Alice chegou mais perto e Robin se moveu para sentar atrás dela, colocando uma perna em cada lado de Alice e envolvendo os braços em torno da garota fria para ajudá-la a se aquecer.

Alice encostou as costas contra Robin com um suspiro. Ela estremeceu e seus olhos se fecharam, fazendo Robin notar como ela limpou completamente o rosto da sombra manchada, enquanto olhava por cima do ombro da loira brilhante.

O coração de Robin parou por um segundo antes de ser reiniciado com uma sacudida poderosa.

Alice era uma beleza natural, parecendo tão inocente e suave agora, relaxada contra Robin.

Robin desejou ter pensado nisso. Porque abraçar na frente da lareira com a garota, que atingiu as cordas do seu coração em várias melodias, entre as pernas, era uma daquelas coisas que não faziam sentimentos tão platônicos baterem em seu peito. Engolindo em seco, ela tentou ignorar o formigamento que se precipitava sobre sua pele e o calor que corria por seu corpo, quando ela absorveu o doce aroma de Alice. Ela esperava que Alice não pudesse sentir seu pulso acelerado contra suas costas.

Tentando se acalmar, Robin concentrou-se em sua missão de simplesmente dar calor a Alice, em vez do sentimento da outra garota em seus braços ou da maneira como as pontas secas dos cabelos loiros faziam cócegas no rosto e no pescoço. Foi uma Missão Impossível. Atropelar edifícios como o douche Tom Cruise parecia muito mais fácil nesse momento.

Dezenas de batidas do coração passaram até que ela sentiu Alice se mexer.

"Eu sinto muito por você ter passado por isso", ela murmurou baixinho. "Você não tem que ficar."

Não querendo dar inseguranças a qualquer alimento de Alice, Robin deu de ombros despreocupadamente: - Está tudo bem. Estou feliz por poder ajudar. Porém, acho que você deveria ter deixado o carrinho.

“Eu não pude,” Alice murmurou apesar da tentativa de piada de Robin. "Viver sozinho, cuidar de mim mesmo enquanto faço as coisas que fiz com meu pai é algo que preciso managae."

As escamas caíram dos olhos de Robin quando ela percebeu por que Alice tinha sido tão insistente sobre o maldito carro. "Você não queria falhar", ela afirmou dificilmente acima de um sussurro.

Enquanto Alice era o brilho do verão e a magia do outono, ela também podia ser a solidão do inverno. Carregar seus fardos de ter estado sozinha, separada do pai por metade do tempo que estiveram juntos e não ter conseguido encontrar uma cura para o coração de seu pai, era sua bagagem.

Alice abaixou a cabeça. “Pode parecer estúpido. Quando saí da torre, tinha dezessete anos e vivi sozinho durante anos.

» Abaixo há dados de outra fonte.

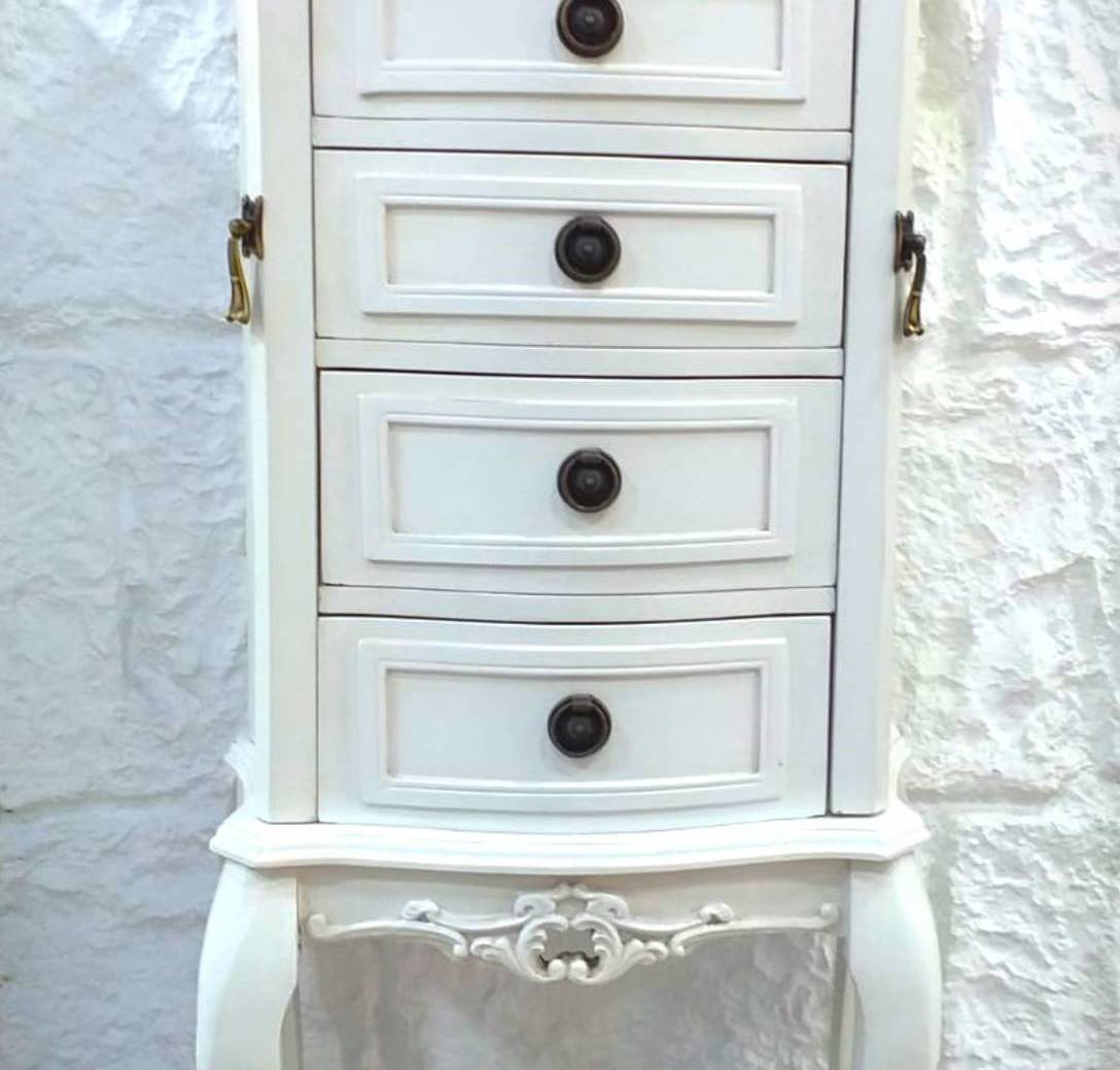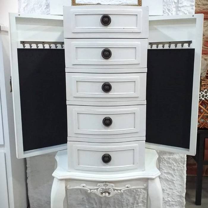 VINTAGE ESTILOKO EGURREZKO BITXI-KATXA, 5 TIRADERA ETA ALBOKO ATEEKIN LEPOKOAK ZINGOTZEKO. ERAMATEA ALTXATZEN DA BESTE BITXIA MOTA BAT JARTZEKO ZULO BAT ERAKUTSUZ ETA ISPILU BAT DAUKA. HAUTSIA ZURI ETA INTXAUR KOLOREA. NEURRIAK: ZABALERA 48cm X HAKERA 30cm X ALTUERA 101cm

- Acredite em mim, não - respondeu Robin, apertando Alice e ignorando os tremores que se agitavam em seu estômago. “Quando eu não era boa em magia, senti que falhava a expectativa de todos da filha da Bruxa Má. Eu tentei alguma bruxaria questionável para compensar isso. E você sabe o que eu aprendi? ”Ela esperou Alice levantar a cabeça e olhar para ela por cima do ombro antes de continuar,“ Às vezes, é apenas a nossa própria expectativa que projetamos nos outros. Não vale a pena colocar sua vida em risco por eles. ”

Um pequeno sorriso apareceu nos lábios de Alice. Lentamente seus olhos se iluminaram. "Obrigado. Você sempre encontra as palavras certas para me consolar.

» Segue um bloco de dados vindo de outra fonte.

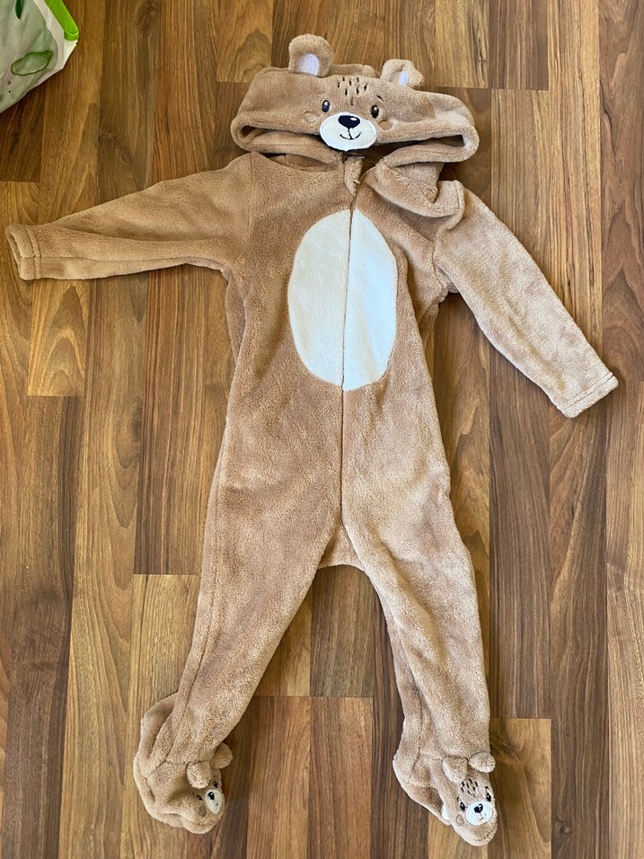 Kahverengi yumuşak ve sıcak bebek tulumu, ayıcık kulaklı ve yüz detaylı kapüşonlu, rahat sokak giyimi için uygundur.

"Eu não sou", Robin deixou escapar e recebeu as sobrancelhas levantadas em resposta. Ela riu levemente. “Eu não estou procurando palavras para fazer você se sentir melhor. Eu apenas digo o que penso ser verdade.

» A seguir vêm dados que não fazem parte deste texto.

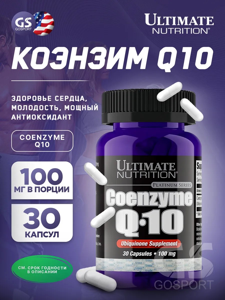 Expires until January 31, 2028. Coenzyme Q10 30 capsules. Coenzyme Q10 is a vitamin-like compound that plays a vital role in the body's health. This powerful antioxidant is essential for maintaining the cardiovascular system, skin, hair, nails, muscles, and brain. Coenzyme Q10 is the ideal supplement to your daily diet to maintain youth and health. Coenzyme Q10 helps fight free radicals, preventing premature aging. It also strengthens blood vessels, increases physical endurance, and improves heart function. This product has a positive effect on the liver and reduces stress. Taking coenzyme Q10 helps improve skin tone and elasticity and boosts the immune system. This is especially important for women and men who play sports, as this vitamin helps with muscle recovery after workouts, increases endurance, and improves overall physical fitness. Additionally, Coenzyme Q10 lowers blood pressure and cholesterol, improves joint health, helps regulate metabolism, and increases testosterone levels. This dietary supplement helps fight wrinkles, is an excellent anti-aging supplement, and detoxifies the body. Coenzyme Q10 improves circulation, strengthens the immune system, enhances fat burning, improves digestive function, reduces depression, improves vision, helps manage weight, improves sleep, and supports reproductive health. Don't put off taking care of your health and beauty! Choose Ultimate Nutrition Coenzyme Q10 100 mg—your reliable partner in the fight for youth, energy, and strength! Directions: Take 1 capsule daily.

"Isso é melhor ainda", disse Alice. A luz nos olhos dela mudou. Havia algo mágico descansando na profundidade dos orbes azuis. "Você me conforta sem tentar."

Robin cantarolou em concordância. Seu olhar percorreu o rosto de Alice de seus olhos sorridentes para seus lábios curvados. De um lado para outro, arrebatado pela visão.

Ela sentiu Alice mover-se em seus braços muito ligeiramente; o ombro dela roçou o osso do peito de Robin; o braço dela roçou seus seios, enviando eletricidade através do corpo de Robin.

Seus olhos se encontraram no ombro de Alice.

Estava ficando cada vez mais difícil respirar.

A espiral agridoce de antecipação secou a língua de Robin.

A tensão engrossou seu sangue e formigou as pontas dos dedos.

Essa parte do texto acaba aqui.